Flexible indexing in Lucene (now available on trunk, which will eventually be the next major release, 4.0) enables apps to use custom codecs to write/read the postings (fields, terms, docs, positions, payloads).
By default, Lucene uses the StandardCodec, which writes and reads in nearly the same format as the current stable branch (3.x). Details for a given term are stored in terms dictionary files, while the docs and positions where that term occurs are stored in separate files.
But there is an experimental codec, PulsingCodec, which implements the pulsing optimization described in a paper by Doug Cutting and Jan Pedersen. The idea is to inline the docs/positions/payloads data into the terms dictionary for low frequency terms, so that you save 1 disk seek when retrieving document(s) for that term.
The PulsingCodec wraps another fallback Codec that you provide; this allows the pulsing to be dynamic, per term. For each term, if its frequency (the number of documents that it appears in) is below a threshold (default 1) that you provide, then that term's postings are inlined into the terms dictionary; otherwise, the term is forwarded (pulsed) to the wrapped codec. This means PulsingCodec should be helpful for ordinary text fields which obey Zipf's Law, as many terms will be rare-ish.
PulsingCodec should really shine on "primary key" fields, where each term occurs in exactly one document, and batch lookups (for example because the app performs deletes, updates and/or lookups) are common.
I created a simple performance test to confirm this.
The test first creates an optimized index with 10M docs, where each doc has a single field with a randomly generated unique term, and then performs term -> doc lookup for N (parameter) random terms. It's a self-contained test (source code is here).
It's important to flush your OS's IO cache before running the test; otherwise you can't measure the reduced number of seeks. On recent Linux kernels, just run echo 1 > /proc/sys/vm/drop_caches. That said, in a real production usage, the IO cache will typically (legitimately) help you, and pulsing should make more efficient use of the IO cache since the postings data is contiguously stored.
To measure the speedup from using PulsingCodec on a primary key field, as well as the impact of the OS's IO cache, I ran the above test on an increasing number of random term lookups (always flushing the the OS's IO cache first):
The results are compelling! When performing a small number of term lookups relative to the total number of terms on a cold OS IO cache, which is likely the more common case in a real application, pulsing shows a ~45-50% speedup, as expected, since it requires 1/2 the seeks.
As the number of random term lookups increases, PulsingCodec's gains decrease, because more and more of the lookups are hitting the OS's IO cache and thus avoiding the seek (the machine I ran the test on had plenty of RAM to cache the entire index). It's interesting that PulsingCodec still shows ~15% gain once the lookups are mostly cached; likely this is because PulsingCodec saves the deref cost of finding the postings in the frq file.

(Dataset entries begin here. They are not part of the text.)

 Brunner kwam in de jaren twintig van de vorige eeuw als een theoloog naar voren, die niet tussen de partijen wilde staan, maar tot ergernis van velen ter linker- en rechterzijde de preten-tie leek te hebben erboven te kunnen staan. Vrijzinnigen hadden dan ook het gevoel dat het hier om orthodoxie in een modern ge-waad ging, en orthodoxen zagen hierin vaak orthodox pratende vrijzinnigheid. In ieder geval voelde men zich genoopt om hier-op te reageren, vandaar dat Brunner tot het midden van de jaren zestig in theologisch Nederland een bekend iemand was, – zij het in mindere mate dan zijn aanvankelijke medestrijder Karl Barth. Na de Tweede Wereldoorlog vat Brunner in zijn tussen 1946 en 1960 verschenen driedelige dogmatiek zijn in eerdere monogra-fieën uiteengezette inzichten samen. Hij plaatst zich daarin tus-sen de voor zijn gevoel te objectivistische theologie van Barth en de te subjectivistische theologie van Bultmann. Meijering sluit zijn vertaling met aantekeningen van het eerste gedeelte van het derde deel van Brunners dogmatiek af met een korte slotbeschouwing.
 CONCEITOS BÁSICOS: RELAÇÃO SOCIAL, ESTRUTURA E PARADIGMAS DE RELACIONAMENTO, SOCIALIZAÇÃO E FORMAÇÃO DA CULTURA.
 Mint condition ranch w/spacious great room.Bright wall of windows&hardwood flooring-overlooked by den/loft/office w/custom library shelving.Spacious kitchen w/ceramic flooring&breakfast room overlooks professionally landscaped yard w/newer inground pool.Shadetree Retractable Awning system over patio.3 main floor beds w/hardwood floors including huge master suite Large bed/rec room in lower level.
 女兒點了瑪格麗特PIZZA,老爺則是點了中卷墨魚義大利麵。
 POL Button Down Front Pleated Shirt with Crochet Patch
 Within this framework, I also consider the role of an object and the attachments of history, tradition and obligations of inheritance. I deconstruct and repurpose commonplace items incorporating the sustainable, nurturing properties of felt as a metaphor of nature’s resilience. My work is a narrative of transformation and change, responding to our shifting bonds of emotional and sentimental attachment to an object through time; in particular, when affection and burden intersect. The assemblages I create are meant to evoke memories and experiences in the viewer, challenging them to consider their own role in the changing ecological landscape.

Pulsing also makes the index a bit smaller (211 MB vs 231 MB), because it saves one vLong pointer per term. For the test, the index with pulsing had a 0 byte frq file since all postings were inlined into the terms dict. There is no prx file because I index the field with setOmitTermFreqAndPositions(true).

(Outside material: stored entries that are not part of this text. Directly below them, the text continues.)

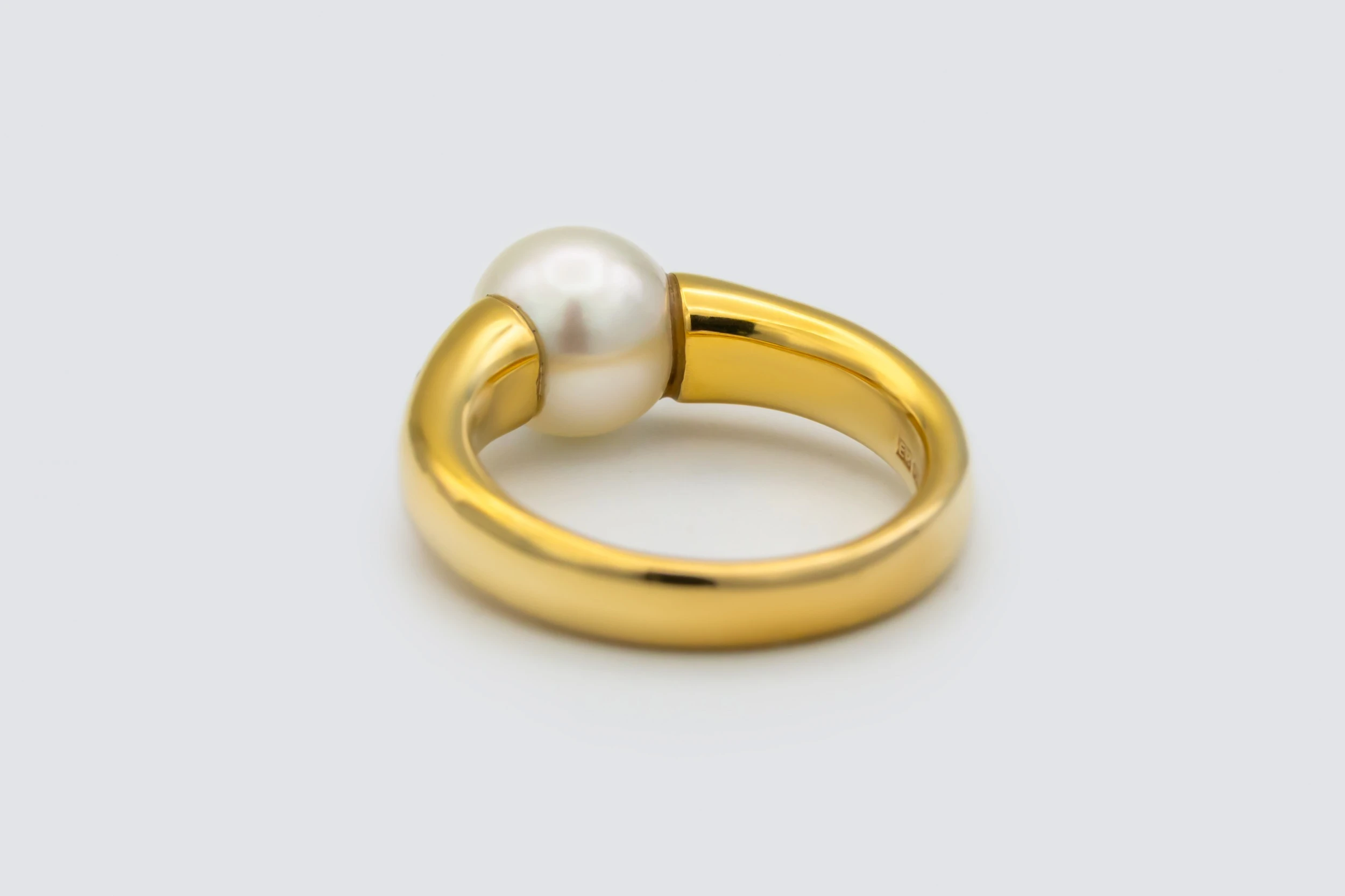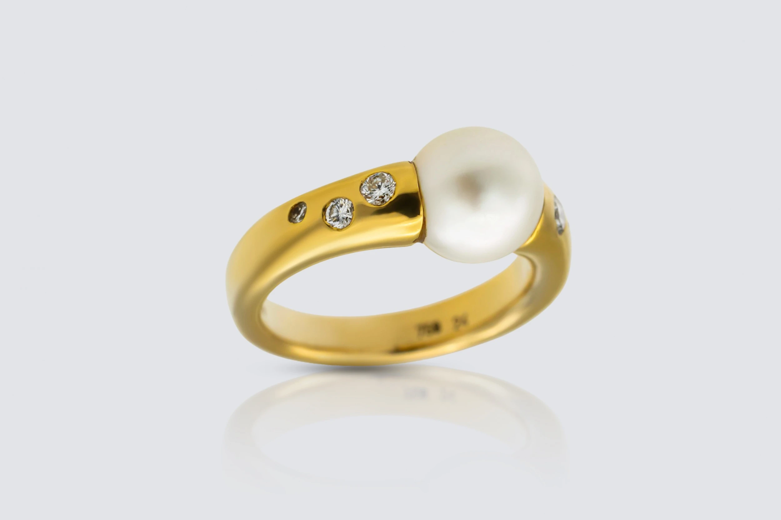 A refined and graceful design, this pearl and diamond ring features a luminous Akoya pearl paired with a delicate natural brilliant round diamonds, elegantly rubover set in polished 18ct yellow gold. The pearl’s soft lustre contrasts beautifully with the diamond’s crisp sparkle, creating a timeless and sophisticated aesthetic.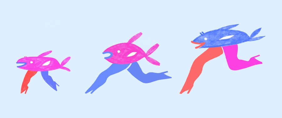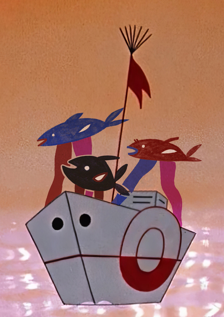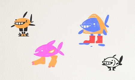 При создании изображений особенное внимание было уделено таким аспектам, как динамика и живость. Не только бегущие и активно шагающие рыбы устремлены в своем движении, но даже статично стоящие персонажи нарисованы в активной пластике.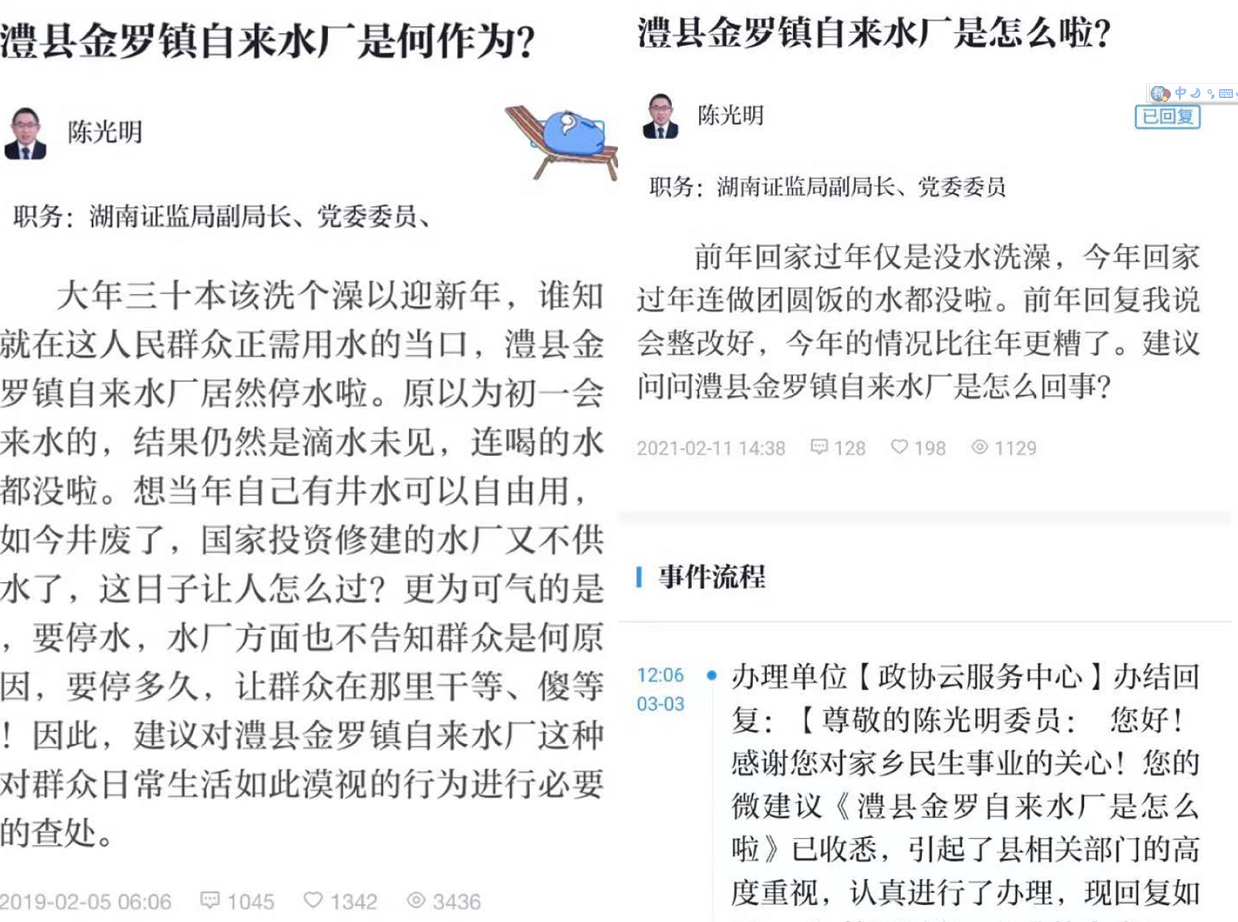 然而,在2021年春节期间,除夕夜停水的现象再次出现,自2月10日12点左右停水,15日中午才恢复正常。“前年回复我说会整改好,今年的情况比往年更糟了,建议问问澧县金罗镇自来水厂是怎么回事?”陈光明在建议中提到。

Note that the test case simply uses PulsingCodec for all fields; if you'd like per-field control you should use the PerFieldCodecWrapper. However, because PulsingCodec is dynamic (per term), it is likely a good default for all fields.
Another way to speed up primary key lookups through Lucene is to store your index on a solid-state disk, where seeks are much less costly than they are on spinning magnets (though, still several orders of magnitude more costly than RAM). Or better yet, do both!